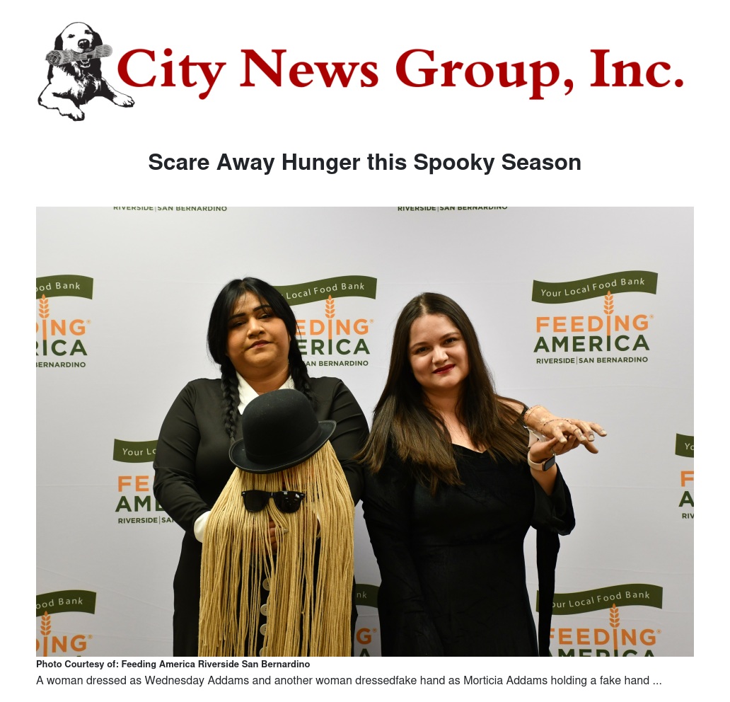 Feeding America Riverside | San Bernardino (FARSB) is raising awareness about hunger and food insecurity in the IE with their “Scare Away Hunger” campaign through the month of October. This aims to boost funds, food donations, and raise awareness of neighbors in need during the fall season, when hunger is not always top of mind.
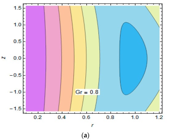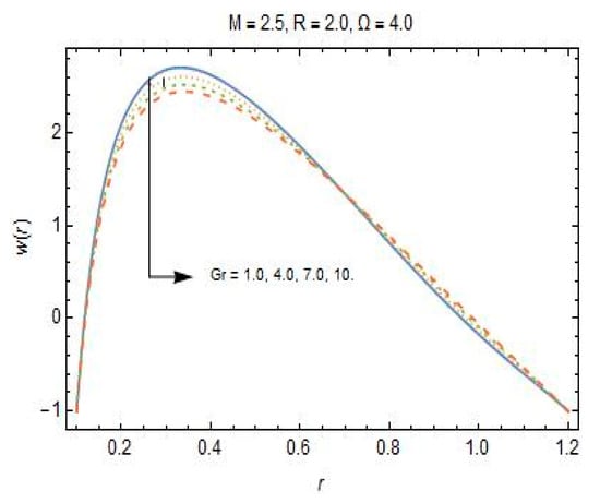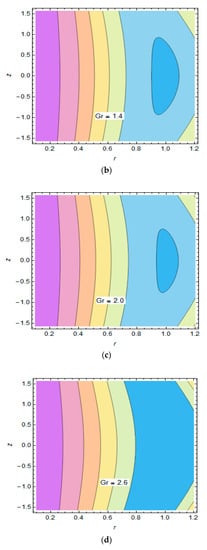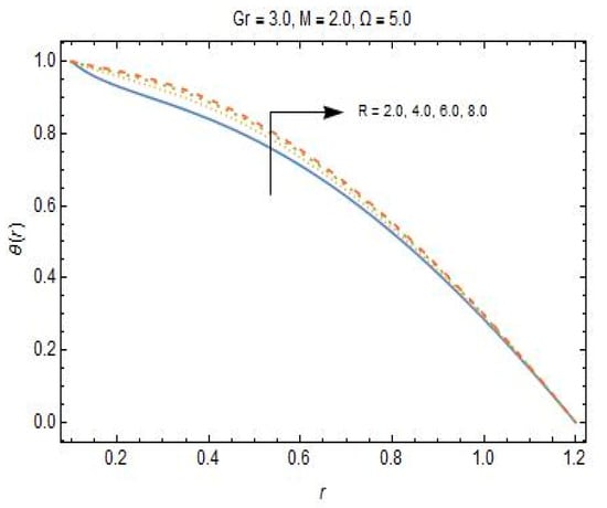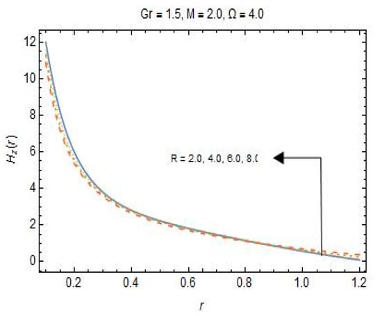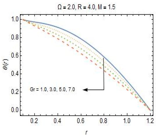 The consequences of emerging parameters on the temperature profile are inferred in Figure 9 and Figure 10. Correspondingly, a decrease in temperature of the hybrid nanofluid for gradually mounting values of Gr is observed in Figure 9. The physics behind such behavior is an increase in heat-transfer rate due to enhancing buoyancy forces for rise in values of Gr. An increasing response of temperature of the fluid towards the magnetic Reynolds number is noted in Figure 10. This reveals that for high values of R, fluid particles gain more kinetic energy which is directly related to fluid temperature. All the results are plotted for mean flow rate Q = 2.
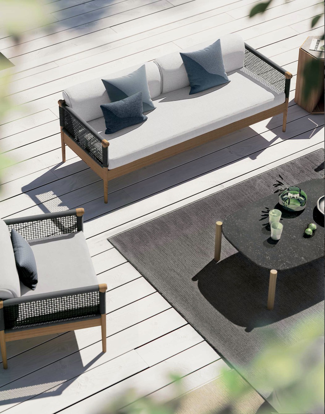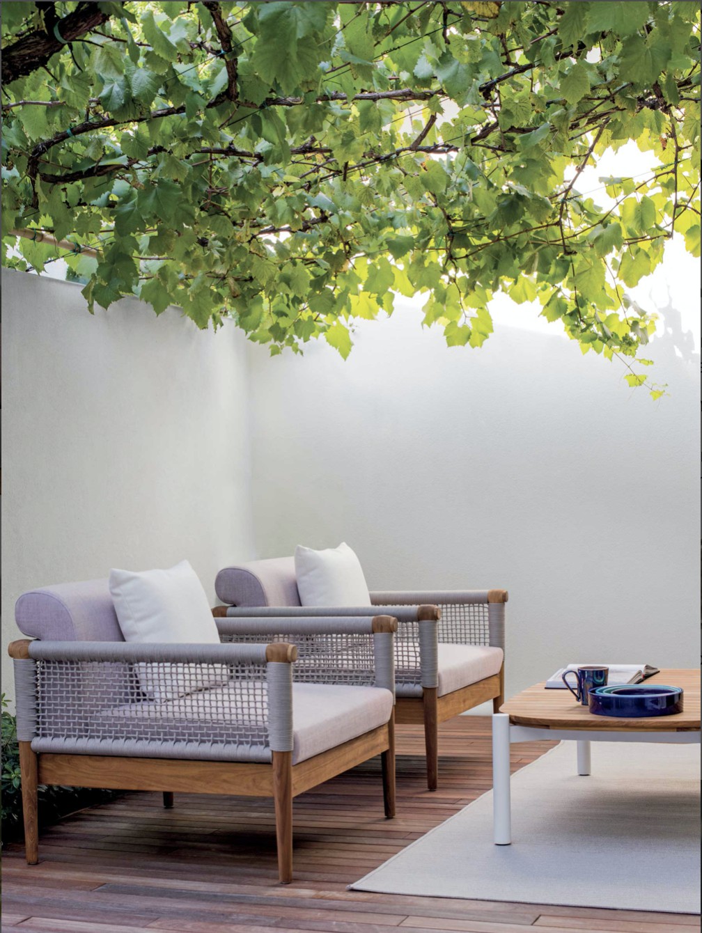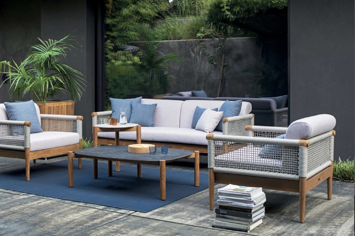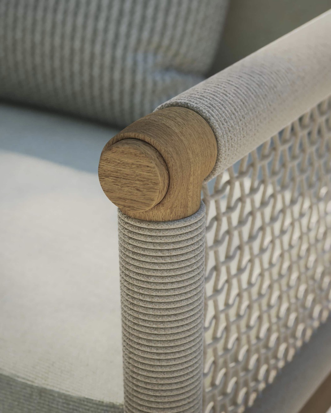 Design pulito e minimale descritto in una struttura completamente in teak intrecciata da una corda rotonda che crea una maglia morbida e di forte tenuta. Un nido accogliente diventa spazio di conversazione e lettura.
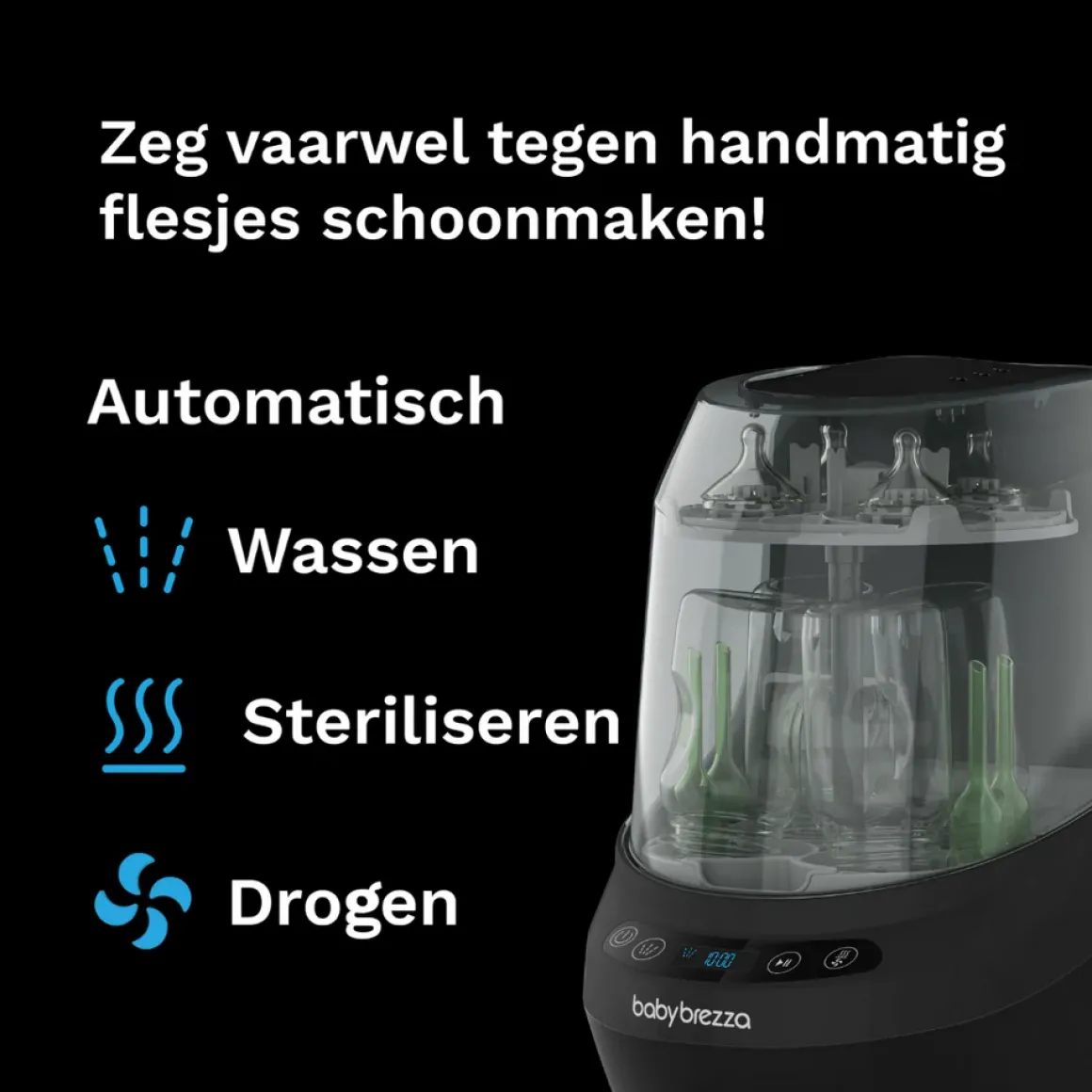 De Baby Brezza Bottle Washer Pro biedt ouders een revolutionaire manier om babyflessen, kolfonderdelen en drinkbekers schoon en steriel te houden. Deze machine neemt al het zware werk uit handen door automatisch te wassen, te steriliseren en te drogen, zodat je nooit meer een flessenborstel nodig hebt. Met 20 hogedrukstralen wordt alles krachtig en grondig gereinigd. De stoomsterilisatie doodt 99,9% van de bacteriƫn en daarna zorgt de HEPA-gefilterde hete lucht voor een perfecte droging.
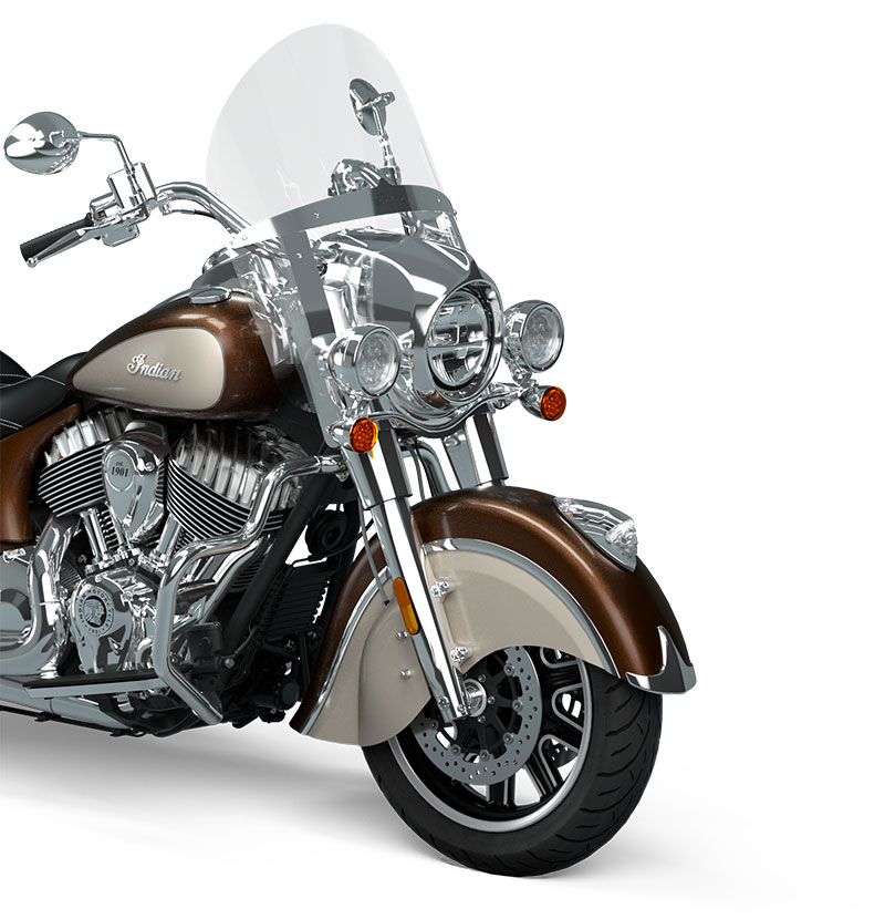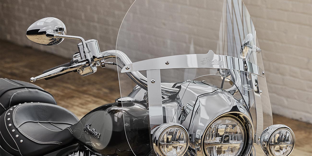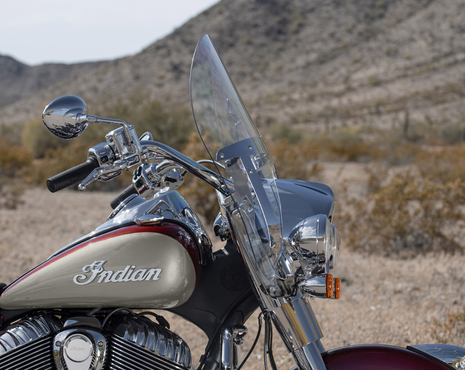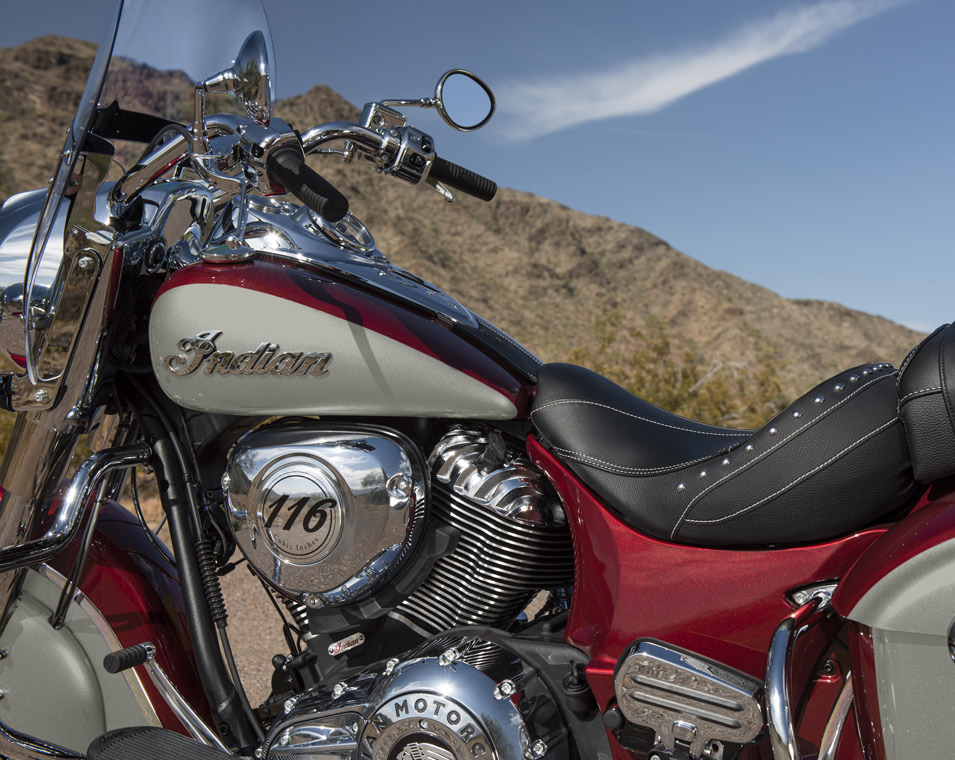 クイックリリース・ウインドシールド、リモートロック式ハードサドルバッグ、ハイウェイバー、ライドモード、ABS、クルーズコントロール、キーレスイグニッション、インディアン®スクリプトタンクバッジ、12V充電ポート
※ ※ ※
• [Exercise aim] Print, word for word, every entry shown above; the pictures stay out.

• [Exercise output]
 Feeding America Riverside | San Bernardino (FARSB) is raising awareness about hunger and food insecurity in the IE with their “Scare Away Hunger” campaign through the month of October. This aims to boost funds, food donations, and raise awareness of neighbors in need during the fall season, when hunger is not always top of mind.
 The consequences of emerging parameters on the temperature profile are inferred in Figure 9 and Figure 10. Correspondingly, a decrease in temperature of the hybrid nanofluid for gradually mounting values of Gr is observed in Figure 9. The physics behind such behavior is an increase in heat-transfer rate due to enhancing buoyancy forces for rise in values of Gr. An increasing response of temperature of the fluid towards the magnetic Reynolds number is noted in Figure 10. This reveals that for high values of R, fluid particles gain more kinetic energy which is directly related to fluid temperature. All the results are plotted for mean flow rate Q = 2.
 Design pulito e minimale descritto in una struttura completamente in teak intrecciata da una corda rotonda che crea una maglia morbida e di forte tenuta. Un nido accogliente diventa spazio di conversazione e lettura.
 De Baby Brezza Bottle Washer Pro biedt ouders een revolutionaire manier om babyflessen, kolfonderdelen en drinkbekers schoon en steriel te houden. Deze machine neemt al het zware werk uit handen door automatisch te wassen, te steriliseren en te drogen, zodat je nooit meer een flessenborstel nodig hebt. Met 20 hogedrukstralen wordt alles krachtig en grondig gereinigd. De stoomsterilisatie doodt 99,9% van de bacteriƫn en daarna zorgt de HEPA-gefilterde hete lucht voor een perfecte droging.
 クイックリリース・ウインドシールド、リモートロック式ハードサドルバッグ、ハイウェイバー、ライドモード、ABS、クルーズコントロール、キーレスイグニッション、インディアン®スクリプトタンクバッジ、12V充電ポート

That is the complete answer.